**Your objective**
Reproduce only the lines below from the line containing "Was zur Hölle" to the line containing "พระห้าเหลี่ยมเนื้อดินหลวงพ่อลี วัดอโศาราม หลังจาร", exactly as written, with both end lines kept. Omit the pictures.
*** Opening of Data for this task ***
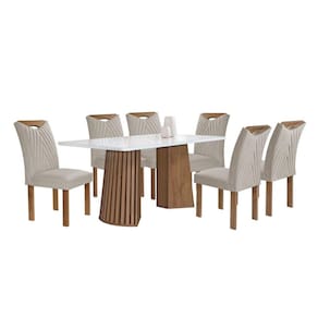 Renove sua sala de jantar com o conjunto Mesa Stella, acompanhado por seis cadeiras. A mesa tem um visual moderno, com linhas suaves e elegantes. As cadeiras são confortáveis e têm um estilo sofisticado. Juntos, eles fazem da sua sala de jantar um lugar especial para reunir a família e os amigos. Medida da Mesa (A x L x P): 79cmx170cmx90cm Peso da Mesa: 69,5 kg Mesa suporta até: 40.0000 Acabamento da Cadeira/Banco: Pintura Acabamento da Mesa: Pintura UV Acompanha Manual de Instalação: Sim Almofada do assento: Fixa Ambiente Principal: Sala de Jantar Cadeira/Banco estofada: Encosto e Assento Estofados Cadeira/Banco Estofada: Encosto e Assento Estofados Cadeira/Banco suporta até: 120.0000 codigo_ean: 7909903599020 Complexidade da Montagem: Alta: deve ser montado por um montador especializado Cor: Chocolate/Off White/Veludo Bege Claro Cor do Produto: Chocolate/Off White/Veludo Bege Claro De Canto (Canto Alemão): Não Design da Base: Cilindro Enchimento do Assento: Espuma D-23 Enchimento do Encosto: Espuma D-20 Escala de Brilho: Fosco Espessura do Tampo: 29 mm Estrutura do Assento: MDF Estrutura do Encosto: MDF Formato do Tampo: Retangular Itens Inclusos: 1 Mesa Stella com 6 cadeiras e manual de montagem Linha ou Coleção: Stella Manual de Montagem e Instalação: https://product-hub-prd.madeiramadeira.com.br/895885/documents/b7f7acae-dccb-4ae9-89cf-09d6e0133bbeA20NEVADA20CADEIRA20NEVADA.pdf Material da Base da Mesa: MDF Material da Estrutura da Cadeira: MDF Material do Tampo: Vidro/MDF Material Principal: MDF Material Principal das Cadeiras/Bancos: MDF Medida da Cadeira/Banco (A x L x P): 96,5cmx56cmx44cm Medida do Tampo (L x C x E): 170cmx90cmx2,9cm Mesa Dobrável: Não Mesa Extensível: Não Necessita Montagem: Sim Origem do Produto: Nacional Peso da Cadeira/Banco: 9,1 kg Possui Apoio para Braços: Não Possui Apoio Para os Pés: Não Possui Prateleiras: Não Possui Suporte Giratório: Não Possui Vidro: Sim Quantidade de Cadeiras: 6 Quantidade de Lugares: 06 Recomendações de Uso, Manutenção e Limpeza: Limpar apenas com pano úmido. Revestimento da Cadeira/Banco: Veludo Sistema de Montagem: Parafusos Tipo de Assento: Fixo Tipo de Encosto: Fixo
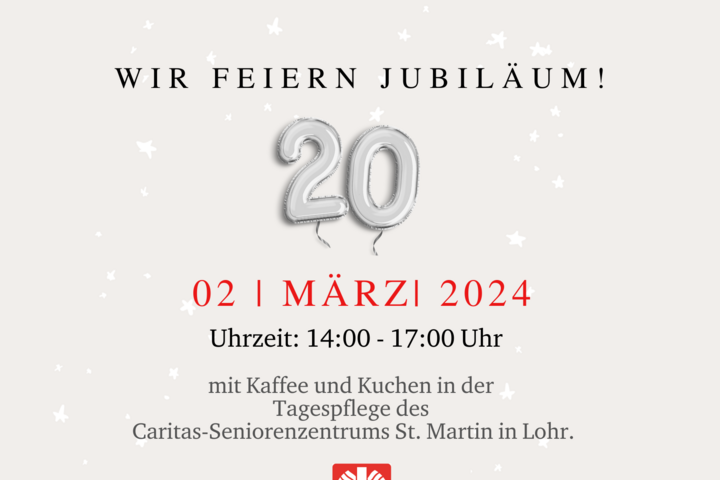 Hierzu laden wir Sie herzlich zu unserer Feier am 2. März 2024 von 14.00 bis 17.00 Uhr bei Kaffee und Kuchen in der Tagespflege des Caritas Seniorenzentrums St. Martin ein.
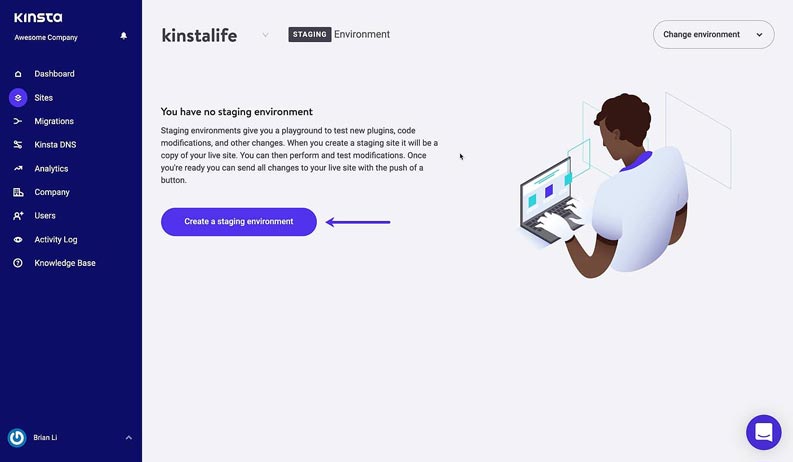 - Click on the one-click staging button to clone a copy of your live site to a staging environment.
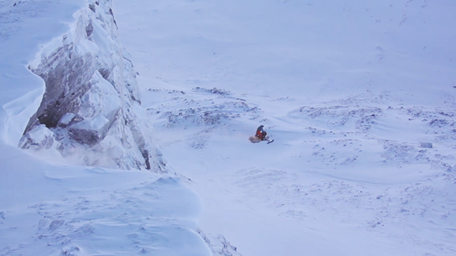 Was zur Hölle hat Stuntman Antti Pendikainen vor? Er rast mit seinem Sled auf eine riesige Klippe zu...
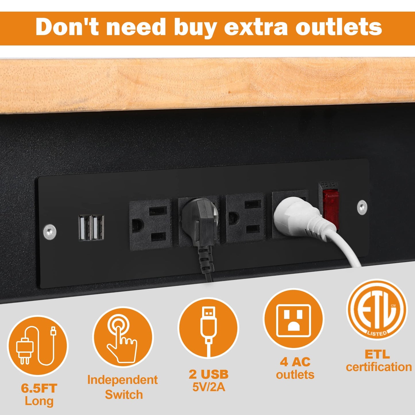 - 【4 AC 2 USB Power Outlets】 The ETL certified power strip has 4 AC Outlets, 2 USB Ports and 1 Switch, with 6.5 ft long Wire, which is safe and durable, making it easy to equip the worktable with various electric tools and lights.
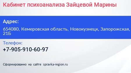 Кабинет психоанализа Зайцевой Марины по адресу 654080, Кемеровская область, Новокузнецк, Запорожская, 21Б в дальнейшем Организация, размещена в следующих категориях:
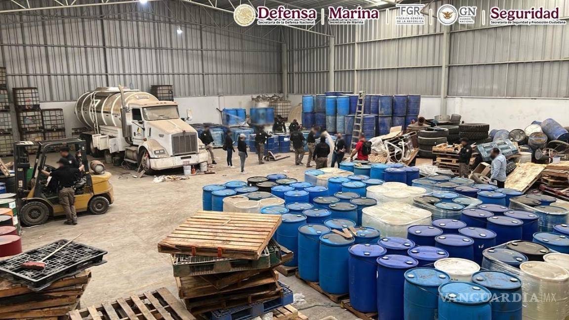 Autoridades decomisaron 7 mil litros de hidrocarburo, precursores químicos y sustancias ilícitas en Durango utilizados para la producción de drogas sintéticas
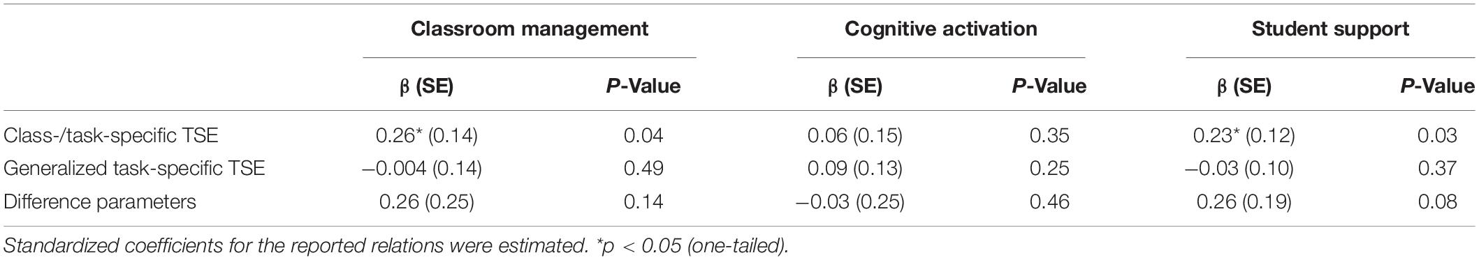Our findings indicate stronger relations between class-/task-specific TSE and teaching quality than that with generalized task-specific TSE. Significant positive relations between class-/task-specific TSE and classroom management and student support were found. In contrast, no significant relations between teaching quality and generalized task-specific TSE were found.
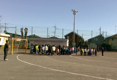 校庭では限られた場所の中で、20以上の班が工夫しながら遊んでいました。
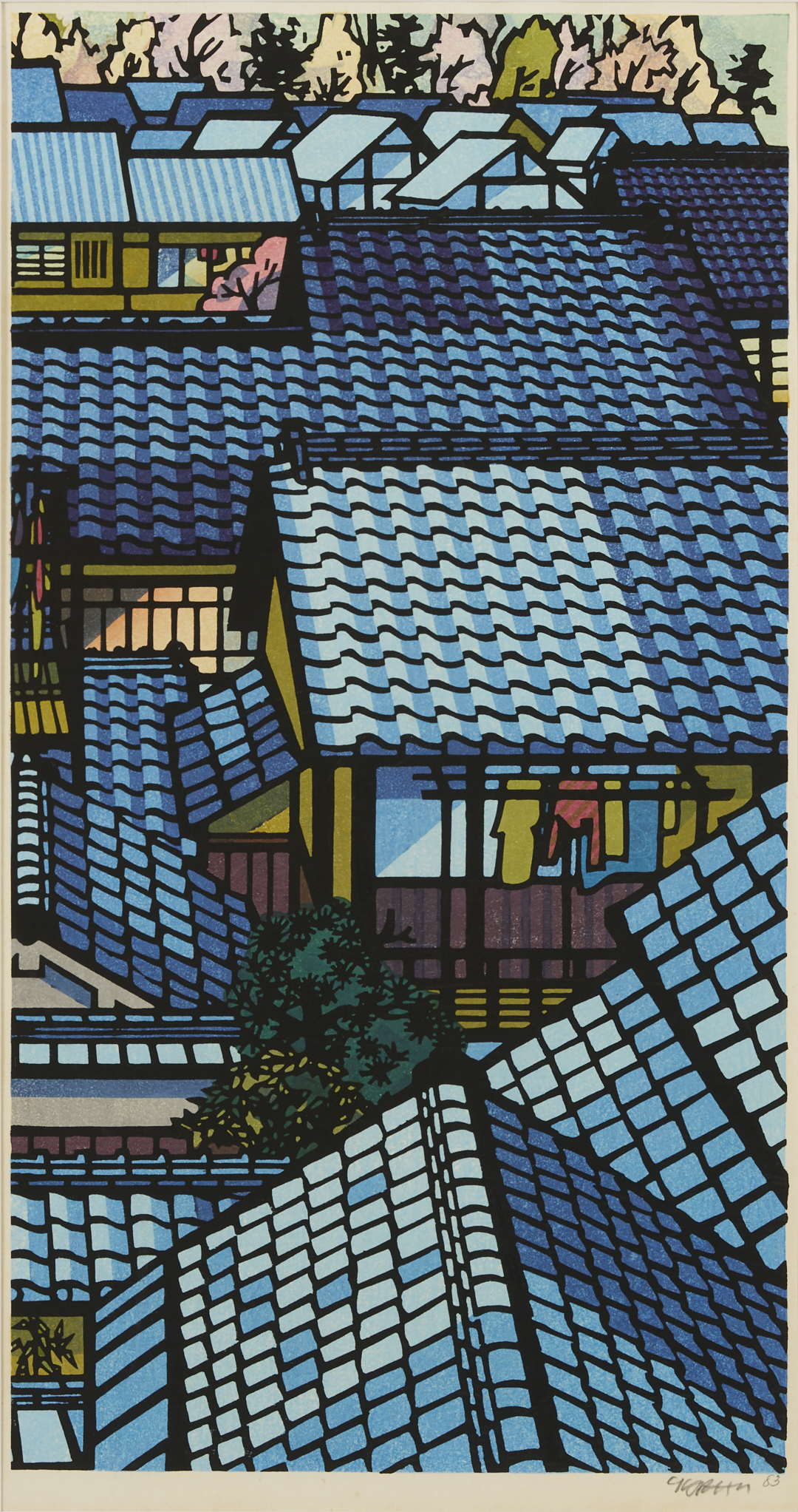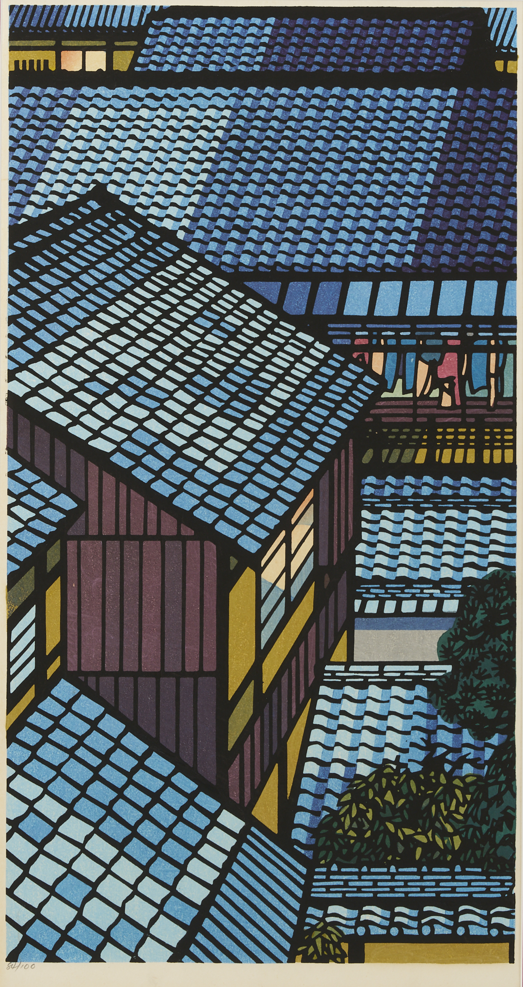 Clifton Karhu (Minnesota/Japan, 1927-2007) ukiyo-e woodblock print triptych, “Nishijin Roofs,” 1983. Slate rooftops in Kyoto’s Nishijin district reflect cool moonlight while warm electric light shines from windows. Numbered 84/100 to left sheet, titled to center sheet, and pencil signed and dated to right sheet, lower margins. Housed under acrylic in a silvered wood frame with navy textile mat and red reveal. Each sight: 23 1/4 in. H x 12 1/4 in. W. Framed: 37 1/8 in. H x 53 3/4 in. W.
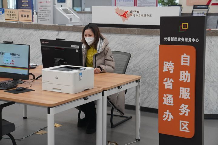 在長春新區政務服務中心,一名企業辦事員在自助辦理業務(2022年12月29日攝)。新華社記者 司曉帥 攝
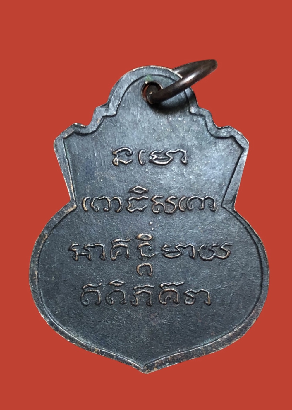 พระห้าเหลี่ยมเนื้อดินหลวงพ่อลี วัดอโศาราม หลังจาร
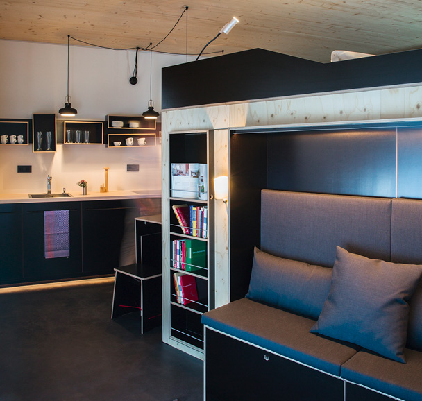 Designstudie Kammerspiel: Raum im Raum-Konzepte ermöglichen das Wohnen auf kleinstem Raum. Designstudie Kammerspiel: Raum im Raum-Konzepte ermöglichen das Wohnen auf kleinstem Raum. Designstudie Kammerspiel: Raum im Raum-Konzepte ermöglichen das Wohnen auf kleinstem Raum. © Julia RotterHier kann man auch mit Bauelementen „spielen". Ich würde zum Beispiel die ganze Installation ästhetisch sichtbar verlegen. Ich finde das wunderschön. Richtig gemacht, ist das eher eine Zierde. Du brauchst nichts schlitzen, nichts kaputt machen, es ist leichter, etwas zu verändern und problemlos zu reparieren. Wir brauchen viel mehr Ehrlichkeit in Form und Funktion! Dafür kommt jetzt der Mut so langsam.
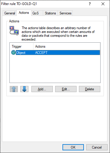 2. On the Actions tab you then add an "ACCEPT" action and remove the default "REJECT" action.
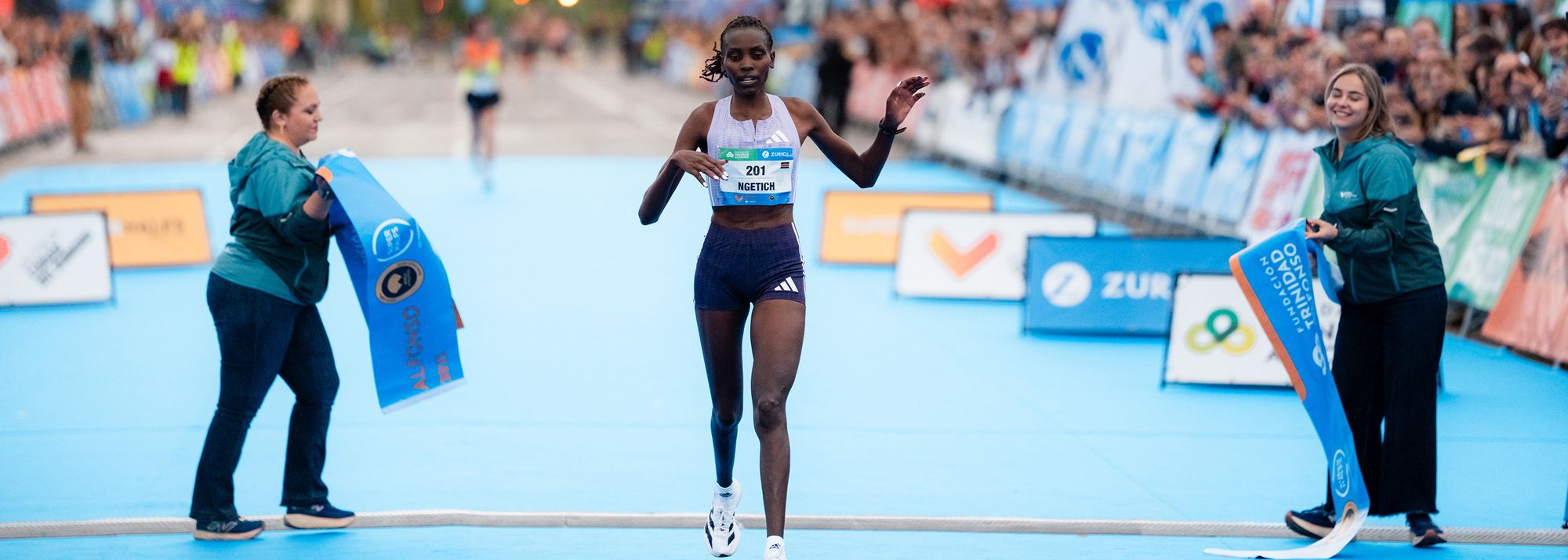 Agnes Ngetich set a world lead of 1:03:08 and Yomif Kejelcha clocked 58:02 to retain their titles at the Medio Maratón de Valencia Trinidad Alfonso Zurich, a World Athletics Gold Label road race, on Sunday (26).
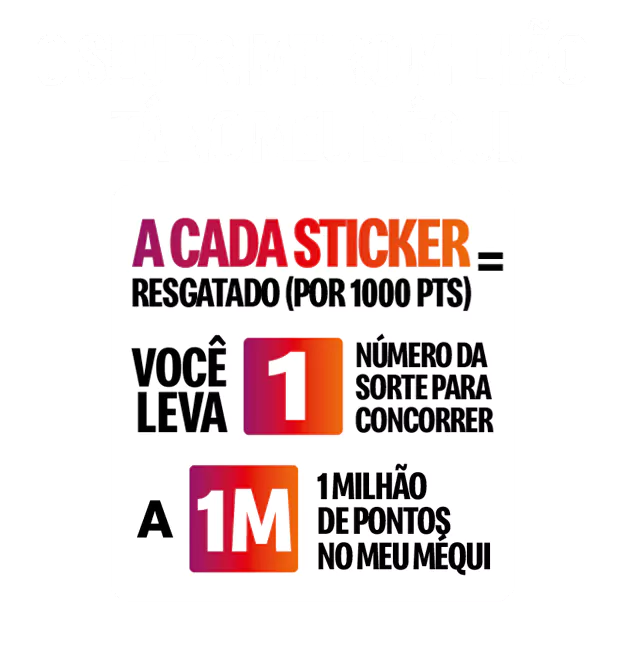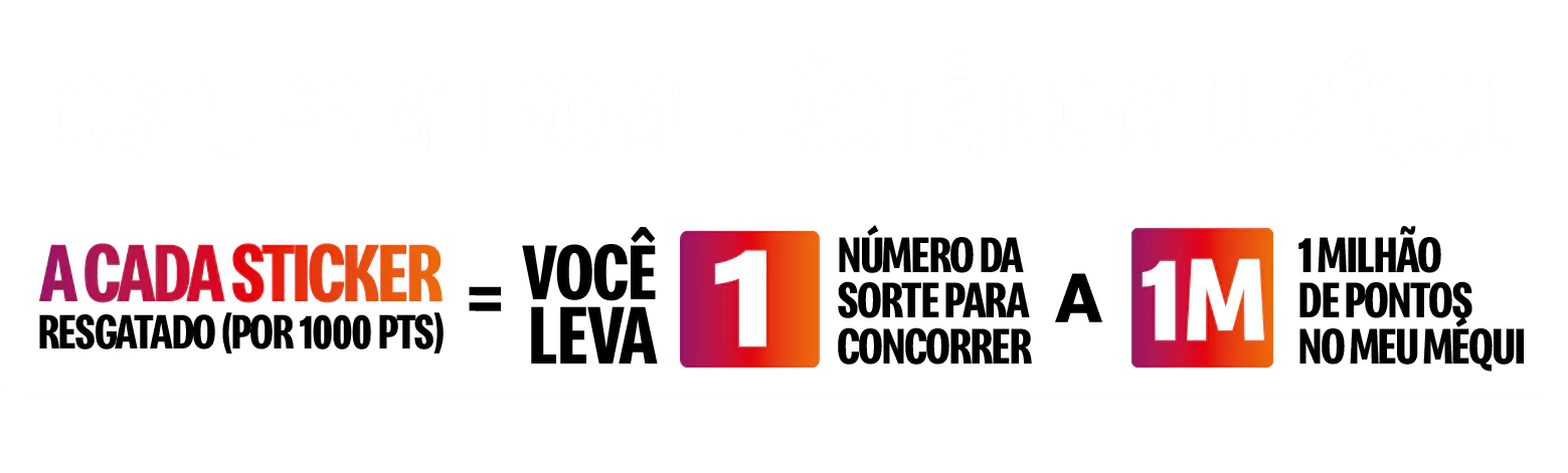 Cada R$1 = 100 pontos no Meu Méqui. Acumule pra trocar por mais Méqui.
*** Close of Data for this task ***
**Task solution**
 Was zur Hölle hat Stuntman Antti Pendikainen vor? Er rast mit seinem Sled auf eine riesige Klippe zu...
 - 【4 AC 2 USB Power Outlets】 The ETL certified power strip has 4 AC Outlets, 2 USB Ports and 1 Switch, with 6.5 ft long Wire, which is safe and durable, making it easy to equip the worktable with various electric tools and lights.
 Кабинет психоанализа Зайцевой Марины по адресу 654080, Кемеровская область, Новокузнецк, Запорожская, 21Б в дальнейшем Организация, размещена в следующих категориях:
 Autoridades decomisaron 7 mil litros de hidrocarburo, precursores químicos y sustancias ilícitas en Durango utilizados para la producción de drogas sintéticas
Our findings indicate stronger relations between class-/task-specific TSE and teaching quality than that with generalized task-specific TSE. Significant positive relations between class-/task-specific TSE and classroom management and student support were found. In contrast, no significant relations between teaching quality and generalized task-specific TSE were found.
 校庭では限られた場所の中で、20以上の班が工夫しながら遊んでいました。
 Clifton Karhu (Minnesota/Japan, 1927-2007) ukiyo-e woodblock print triptych, “Nishijin Roofs,” 1983. Slate rooftops in Kyoto’s Nishijin district reflect cool moonlight while warm electric light shines from windows. Numbered 84/100 to left sheet, titled to center sheet, and pencil signed and dated to right sheet, lower margins. Housed under acrylic in a silvered wood frame with navy textile mat and red reveal. Each sight: 23 1/4 in. H x 12 1/4 in. W. Framed: 37 1/8 in. H x 53 3/4 in. W.
 在長春新區政務服務中心,一名企業辦事員在自助辦理業務(2022年12月29日攝)。新華社記者 司曉帥 攝
 พระห้าเหลี่ยมเนื้อดินหลวงพ่อลี วัดอโศาราม หลังจาร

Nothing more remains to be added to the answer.